Feb 8, 2013

HEAR Momma Bear ROAR!

Last night my girls stayed the night with their Papa and Nonnie and ran a few errands. While they were at a store a kid was saying HI, HI, HI to everyone around them. And the child said it to my daughters and my girls (ages 1 & 3) did not respond. The mother then says to her child, Don't talk to them; they won't respond. They think they are better then us. She kept at it telling the child what she thought my kids were thinking and then when my in-laws were checking out in line, the mother comes up to them again and starts griping about how rude and stuck up my children are. My FIL says, maybe they're just shy. The lady responds saying they are not shy, they think they are better then us. My in-laws told the lady to quit talking to them and leave them alone.

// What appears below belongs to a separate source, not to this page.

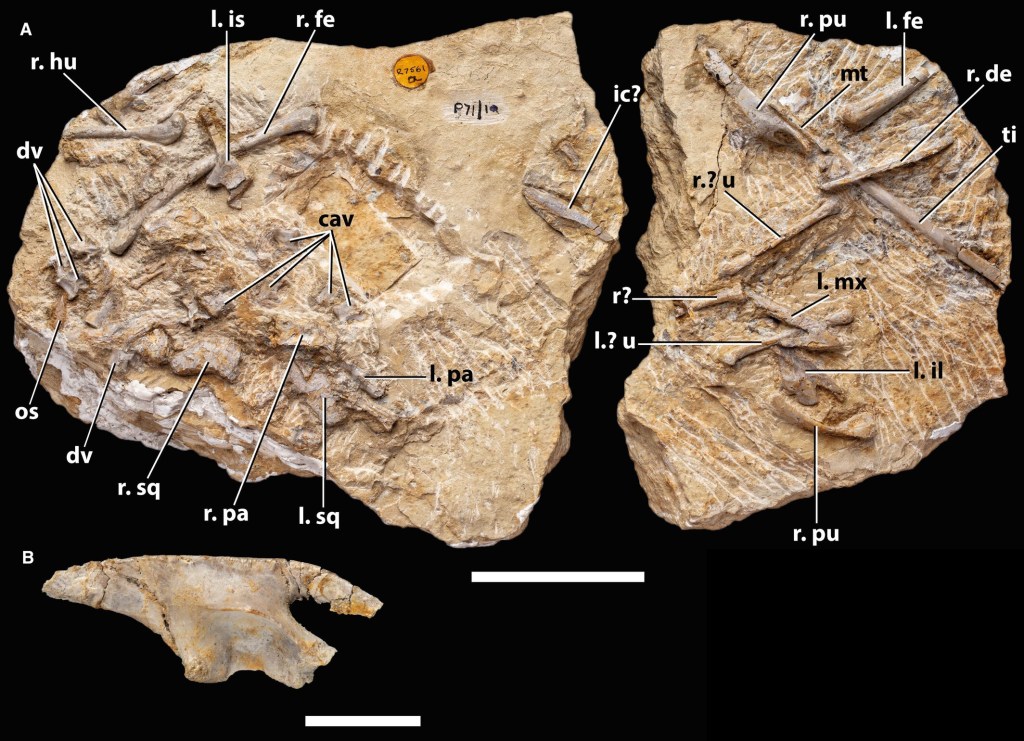 Références : Spiekman, S.N.F.; Fernandez, V.; Butler, R.J.; Dollman, K.N.; Maidment, S.C.R., 2023, A taxonomic revision and cranial description of Terrestrisuchus gracilis (Archosauria, Crocodylomorpha) from the Upper Triassic of Pant-y-Ffynnon Quarry (southern Wales). Papers in Palaeontology. 9(6): e1534.

Hear Momma Bear ROAR!!! Oh my! Nonnie was mad. And so was Papa. Today when they told me the story, so was MOMMA. I hate that I wasn't there, but it might have been a good thing that I wasn't. But I haven't been able to get the situation out of my head so I thought what better way then to blog about it! Get my thoughts written out and make sense of them.

First of all, my daughters are (almost) 2 and 4. Please stranger do not come up to them griping at them!! That is not safe or respectful. Secondly, my little children were not thinking anything about your child. At 2 and 4 they do not know how to judge someone else for what they are wearing or look like - LOVE THAT INNOCENCE! - We lose it all too quickly.

Next, my children are shy. Besides my house and their grandparents' house, our church would be the next place they are most comfortable and anyone there can tell you that they are quiet and don't speak to a lot of people, even when spoken to. I'm sorry if that comes off as rude, but I am not going to force my children to speak to strangers! (Stranger danger anyone?!) I am not comfortable talking to a lot of strangers, why should I force my children to? Especially if I am not with them. My 4 year old will tell you she is shy. Many times she will come up to me and say with a big smile on her face, "I wasn't shy to so&so today!" And she will be very proud of herself. She has learned that it is good to talk to the teacher's in class. Even yesterday at her gymnastic's class I was so proud of her for telling one of the teenage teachers that she was going to stay the night at her Nonnie's house. I put Kai in soccer in hopes of helping with her timidness. But I will not force my child to talk to the strangers that talk to her in the grocery store. I do teach them to be respectful and polite. They know their manners and often get told how polite they are. But at the age of 4, a stranger can be a very intimidating thing.

Then my next thought the whole thing is about that lady telling her young child that my kids think they are rich and too good for them. Why are you teaching your child that? That is setting your kid up to be a bully, to think less of themselves, and to judge others by what they look like. Which so happens to be why you are angry at my kids. Yes, my children dress cute and are clean, but that does not mean that they are rude. I know I am a little biased, but I think my children are nothing but sweet (usually). They are still shy around some of their closest friends. And my almost 2 year old is just now learning to really communicate! -- As mothers we teach our children how to view the world and the people in this world - what are we teaching our children?! What are YOU teaching your child?

So I'm not writing this blog to say oh my children are so sweet and perfect, but to encourage others to not judge people that you don't even know. It's so easy to do. I know I have done it many times. We can judge them for having it all together, when they're life is actually falling apart. We can think they are dirty and homeless, but really they were just working hard that day helping those in need. We can think, oh they are selfish and rich, when they are actually the most generous people. I can be jealous of someone and put them down because of it. We don't know how deep our judgements and words can hurt those around us!

Why don't we stop and encourage one another? As mothers, we think we know best. And we do. For our own children. But just because what I think is best for my children does not mean that's what is best for your children. It takes all kinds of people to fill this world, and that is a good thing. But let us love our God, and love our neighbor.

It gave me a glimpse of some of the things the girls will experience in their life, especially when they start school. I was there and have been on the receiving end and the giving end. One of my biggest regrets of high school is how rude I was by thinking I was too good for other people - how dare I?! But I did. But people also judged me because of where I lived, what I wore, and because I was one of the "rich" kids. Neither one of us was right. But I do not remember it starting at such a young age. My children aren't even 2 and 4 yet. And here is the world trying to teach them lessons! I can not shield and protect my children from everything, I'd be lying if I said I didn't want to, but I know at some point they will start school and things like this will happen.

But I plan to be there for them in all situations: to guide them and teach them to do what is right. To use their faith in God in all situations! I hope and pray they keep their childlike innocence of loving everyone. But I also fear them being hurt by other people being mean to them.

Oh this world can be so cruel. No one warned me that being a mom was going to be so tough. We hurt when they hurt; we cheer when they cheer!

 

 

 

1 comment:

  1. Wow! Thanks for posting this. I've had similiar thoughts to these recently. You are so right when you say "We hurt when they hurt; we cheer when they cheer." My daughter's hurt breaks my heart into a thousand pieces. But her joy? Her joy sends me over the moon!!! :D Praying for you!